World's rarest big cat could be making a comeback
Native to Northeast Asia, the critically endangered Amur leopard has seen its numbers double since 2007, according to a WWF report.
Things are starting to look up for the rarest big cat on the planet: The critically endangered Amur leopard, which is indigenous to southeastern Russia and parts of northeastern China, has doubled in population since 2007, according to a new report by the World Wildlife Fund (WWF).
Census data from Russia's Land of the Leopard National Park, which covers about 60 percent of the Amur leopard's habitat, puts the number of these wild cats at 57. That's up from the 30 leopards counted in the area in 2007, according to the WWF.
Eight to 12 additional cats were also counted in adjacent areas of China during the census, which means the total population of Amur leopards has, in fact, doubled in less than a decade. [See camera trap footage of rare Amur leopards]
"Such a strong rebound in Amur leopard numbers is further proof that even the most critically endangered big cats can recover if we protect their habitat and work together on conservation efforts," Barney Long, director of species protection and Asian species conservation for WWF, said in a statement. "There's still a lot of work to be done in order to secure a safe future for the Amur leopard, but these numbers demonstrate that things are moving in the right direction."
To count these solitary cats, park rangers and experts from the Far Eastern Branch of the Russian Academy of Sciences placed camera traps throughout the more than 1,400 square miles (3,600 square kilometers) of land that make up the Amur leopard's habitat. They collected about 10,000 photographs, which were used to identify approximately 60 individual leopards. Each animal was identified by the distinctive pattern of spots on its fur, WWF officials said.
The Land of the Leopard National Park, where the leopards were counted, was established in 2012 along the border of northeastern China and the Russian Far East, in a region known as the Amur-Heilong River Basin. Its founding was part of an ongoing effort to conserve Amur leopards and other at-risk species, including the Siberian tiger.

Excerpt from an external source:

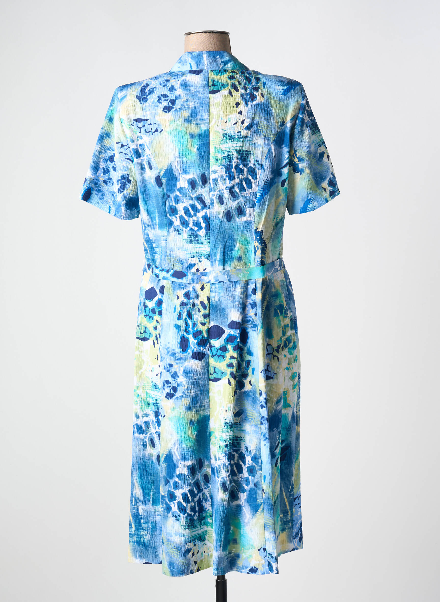 Profitez d’une occasion irrésistible avec cette robe mi-longue signée FRANCE RIVOIRE, une pièce idéale pour renouveler votre garde-robe à petit prix tout en misant sur l’élégance. Son imprimé aux nuances de bleu et de jaune apporte une touche de fraîcheur et d’originalité, tandis que la ceinture assortie souligne délicatement la taille pour une silhouette féminine. Cette robe boutonnée à manches courtes s’adapte aussi bien à une sortie estivale qu’à une journée plus habillée, combinant style et économie grâce à notre sélection de bonnes affaires multi-marques.

Siberian tigers were once in as dire a situation as Amur leopards are now, with only about 56 of these tigers living in the wild in 2009, according to the Siberian Tiger Monitoring Program, a collaboration among the U.S. Wildlife Conservation Society (WCS) and several Russian organizations. Ten Siberian tigers were introduced to the Land of the Leopard National Park in 2012. Another 350 or so Siberian tigers live in other areas of the Russian Far East.
But these tigers are now making inroads into northeastern China as well, according to recent video footagecaptured by WWF officials in that country. The footage, taken late last year inside the Wangqing Nature Reserve in northeastern China, shows a family of Siberian tigers frolicking about 20 miles (32 kilometers) from the Russian border.
Until this video was taken, the only evidence that Siberian tigers still inhabited parts of China was the occasional footprint, WWF officials said.
"These images show that Wangqing Nature Reserve has now become a breeding site for Amur tigers," said Wang Fuyou, division head of the Wangqing Nature Reserve conservation department. "Seeing these positive outcomes from our efforts greatly strengthens our confidence that wild Amur tiger populations can be restored."
Conservationists in Russia are now working with their counterparts in China to more closely monitor Amur leopard populations in that country as well. The next step could be to create a nature reserve that stretches across both countries, WWF officials said.